After reading and listening to countless stories, ours isn't very different. It's all shocking to the DIPG newcomer, but a classic presentation as these things go. It all happened so quickly and it is hard to recount all the details even though it was only a few weeks ago as I write this.
January 15, 2016
My daughter Taylor and I picked Parker up from school at 5pm. The aftercare staff notified me that Parker was sleeping on the floor of the room next door. I recall thinking that was odd, but it was also his first day of soccer, so the little guy was probably just worn out. He woke up and was groggy and stumbled around on his way to the car.
At home his fever kicked into high gear. I did what most dads would do in response: gave him some medication to make him comfortable. He fell asleep on the couch, and I carried him to bed.
The next day he began vomiting, and he couldn't open his right eye. Believe it or not, my wife and I were not too concerned at this point. Parker has a history of tonsil inflammation, and he had recently gone through pink eye. In our minds, we were probably dealing with some sort of recurrence. It wasn't until my daughter started tugging at her ear that Jennifer decided to just make appointments for them both that afternoon - get everyone checked out, and get ahead of the curve.
The pediatrician didn't take long after seeing Parker to become concerned. That droopy right eye was having difficulty following the doctor's finger around the room. She told us he needed to go to the emergency room for a CT scan; she was concerned of an abscess behind his eye, which is a potentially life threatening situation. She called 9-1-1 and Parker was transported via ambulance.

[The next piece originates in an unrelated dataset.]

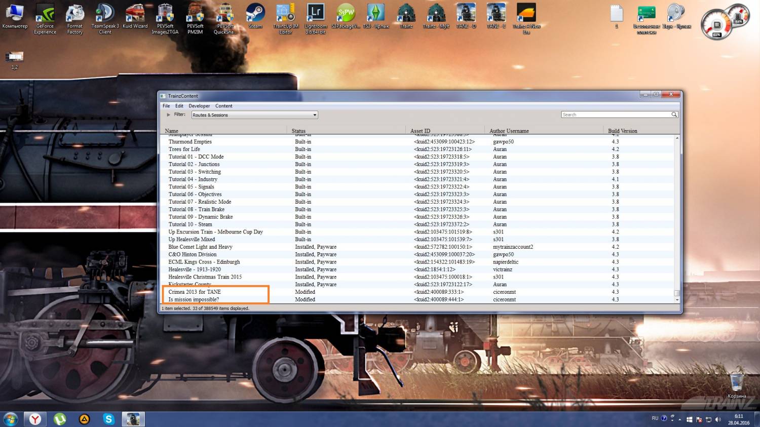 | Здесь пишем сообщения обо всех обнаруженных багах в версии 3.6 и выше (для TANE). Недостающие куиды спрашиваем в другой теме, хотя все новые ассеты есть на ДЛС. Для 3.6 и выше нужна обновлённая звуковая библиотека: <kuid2:400089:34:4>. В текущей версии сценария другая электричка. Возможно, для этой версии не хватит куидов, качайте. Если у вас опоры КС съехали, а провода порвались, значит, надо обновить эту DC c DLS. Здесь пак обновлённых сплайнов для тех, кто не может скачать с DLS. Актуальная версия карты 5.5, скачать можно здесь. Актуальная версия сценария 5.4, если вам хочется сохранить изменения погоды и музыкальные заставки, скачайте этот вариант (исправление от 01.02.2019). Далее, если захочется это изменить, откройте на редактирование конфиг сценария <kuid2:400089:555:24>, там в верхней части будет контейнер:
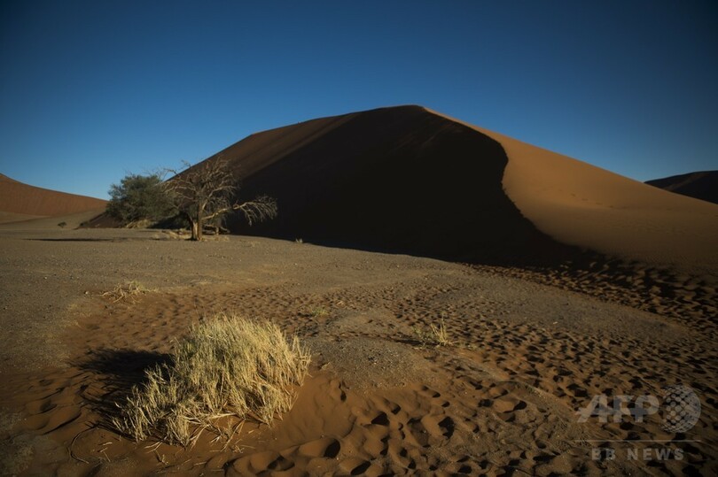 【5月26日 AFP】ナミビアのセスリム(Sesriem)に近いナミブ・ナウクルフト国立公園(Namib-Naukluft National Park)では、ソスフレイ(Sosusvlei)という砂漠と、立ち枯れた木が残る「デッド・フレイ(Deadvlei)」と呼ばれる場所が、不思議な魅力を放っている。(c)AFP

The ER resident who examined Parker wasn't convinced anything was wrong with him. We pleaded with him that his pediatrician is the one that made us come (in a freaking ambulance!). He went off and got his boss who had some different ideas. Yes, the eye isn't tracking well. Is it possible he got into some alcohol? Medication? Sleeping well? After a short series of reasonable questions, he ordered a CT, and that's where this story grows cold fast.
The CT clearly showed some sort of "mass" in his brain, he said. Then he followed up that he was arranging for transport to Rady Children's Hospital. This is all happening very quickly. Lots of doctors and nurses are now in the room taking vitals, recording information, asking questions. We are scared.
I'll be honest, the next 12-24 hours is a blur. Parker was in the ICU, we were talking to neurosurgeons, neurologists, nurses, and so many others. Looking back now we know how sick he was that first night. But at the time, we were sort of beside ourselves. What are we doing here?
On January 17, 2016 at 4pm, two days since he had come home from school with a fever, we sat down in a room with a doctor who proceeded to describe the worst possible scenario we could imagine: our son has an inoperable, untreatable disease called Diffuse Intrinsic Pontine Glioma (DIPG), aka, brain cancer.